Brown University Is On Occupied Territory and Is Part of the Problem, About-To-Be-Tattooed New Graduate Tells Fellow Graduates
By Matt McDonald | May 26, 2019, 20:46 EDT
Brown University’s student protesters have done heroic things despite an administration that often isn’t on board for constructive change, a graduating senior told a commencement crowd Sunday.
Ruth Scott Miller, of Anchorage, Alaska, who describes herself as part Dena’ina Athabaskan (an Alaska indigenous tribe) and part Ashkenazi Jew, began with a traditional greeting in her tribe’s native language, and then quickly offered a version of the land history of Providence, Rhode Island, where the Brown campus is.
“First, we must acknowledge that we are on the occupied territory of the Wampanoag and Narragansett peoples, who have protected and cared for this land for millennia,” Miller said, according to a video of the Brown graduation posted on YouTube. “A land acknowledgment is a crucial step in respecting the enduring relationship of indigenous peoples with their land. But it is not done for reconciliation.

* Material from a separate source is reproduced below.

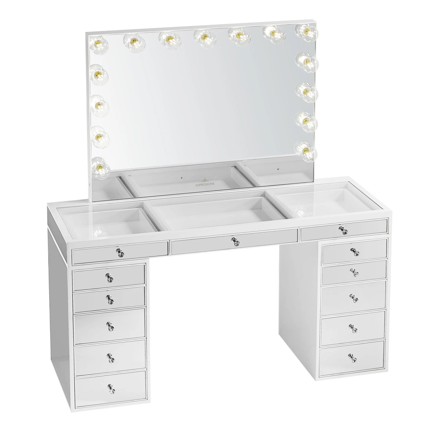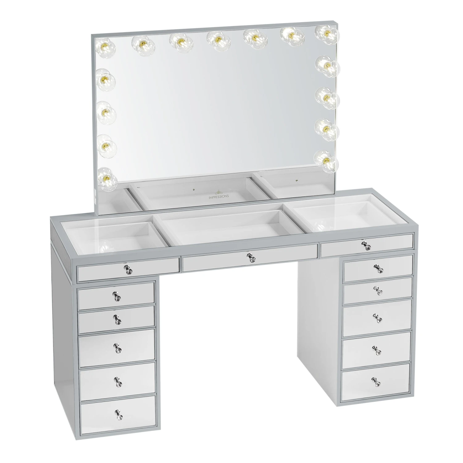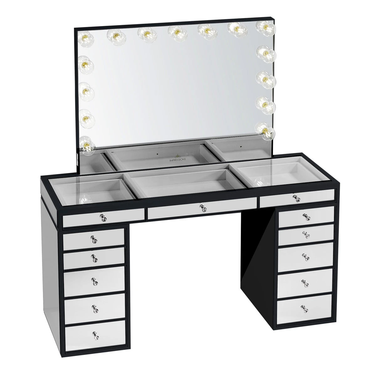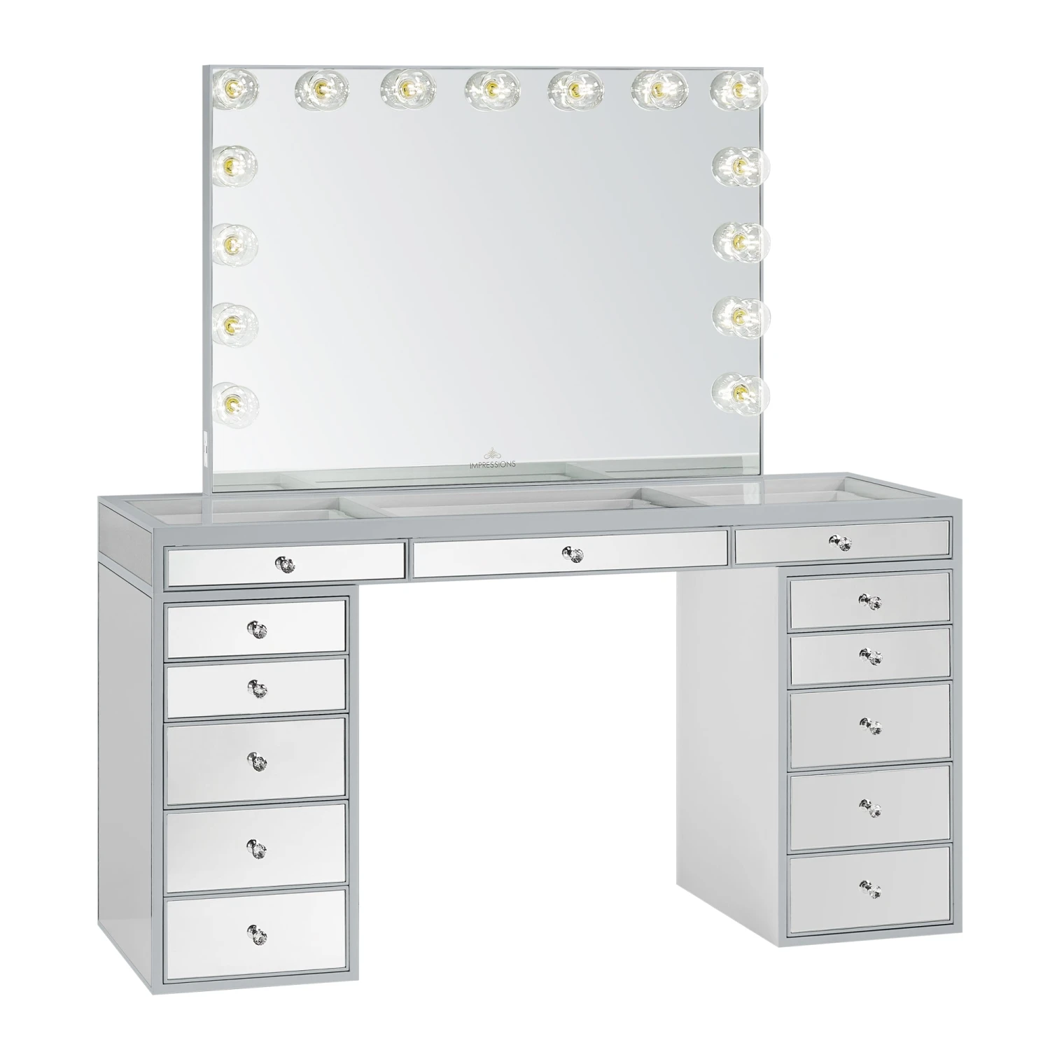 - Bundle option: SlayStation Pro Premium Mirrored Vanity Table + Glow Pro Vanity Mirror in Silver, White, or Black

It is done for remembrance and uplifting.”
Miller was one of two graduating seniors to address the Brown commencement audience Sunday, May 26. She wore a long feather from the left side of her graduation cap, a bandana around her forehead, and a nose ring in her right nostril.
She described how during her sophomore year she was one of 11 Brown students to travel more than 1,800 miles to protest an oil and natural gas pipeline in North Dakota.

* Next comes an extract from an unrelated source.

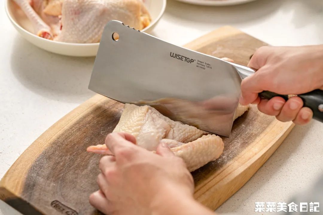一刀就能砍下去,非常利索,不会把鸡肉、鸡皮砍得乱七八糟!

“We stood against the environmental and cultural threat of the Dakota access pipeline. We celebrated a commitment to the earth and to justice, through peaceful gathering, using the weapons of community care and deep love,” Miller said.
The experience was both moving and disheartening.
“I threw everything I had at this fight, and found myself burnt out, running on fumes,” she said.
A professor, she said, “shared the kindest possible words, especially given I was ditching her class.”
“’Ruth,’ she said, ‘Pace yourself. Because in 40 years someone else will be doing something terrible, and you’ve got to fight it as much then as you want to fight it now’,” Miller recalled, adding:
“I was trying to destroy so much that I was letting myself be destroyed.”
She said she has decided instead to use compassion as a weapon: “I believe in the words of queer Chicana poet Gloria Anzalduá: ‘We could be the healing of the wound.’ “
She spoke of the meaning of the graduation ceremony.
“This moment is to honor the students at Brown – we who are the laborers, we who are the dissidents,” she said. “… This is for the students who demanded that Columbus Day, named for a perpetrator of genocide, be changed to Indigenous Peoples Day, named for our nation’s first and everlasting defenders. But we must also honor the administrative staffers, faculty members, and workers who have been allies and accomplices in creating a more equal, accessible, and ethical environment for learning at Brown. These are the people who fight to improve our school more each year, often in spite of the institution itself.”
She lauded what she called the hundreds of activists at Brown, but challenged them to do something in the wider world about the causes they believe in.
“How do we fight for liberation beyond our campus? Self-described black feminist lesbian poet mother warrior Audrey Ward reminds us that the master’s tools will never dismantle the master’s house. Knowledge alone, when used as a weapon, will never be equalizing. Knowledge is liberation when knowledge is exchanged,” Miller said. “… I challenge us all to abandon the tools of domination and oppression. Today let’s leave behind weapons of exploitation, exclusion, and hubris.”
Instead, she called for “radical compassion,” which she said could be “a tool, a weapon, and a peace offering, all at once.”
“Choosing compassion is not choosing passivity. It is using the strength of our love to overcome hate,” she said.
Near the beginning of the speech she said that when she was little she often suffered from fear and anxiety at night, and that her mother would soothe her by telling her she comes from a long line of warrior women.
“And we all have WW tattooed on our butts,” her mother told her, adding that the tattoos were invisible.
Miller returned to that theme toward the end.
“After graduating, I will be getting matching traditional tattoos with my mother, in a … private location,” she said. “They will remind me of who has fought for me, and who I will continue to fight for.”
According to The Providence Journal, she plans to travel in order to continue the fight:
A development studies major, Miller plans to travel to Hawaii and New Zealand to pursue grass roots work toward building global networks of indigenous people.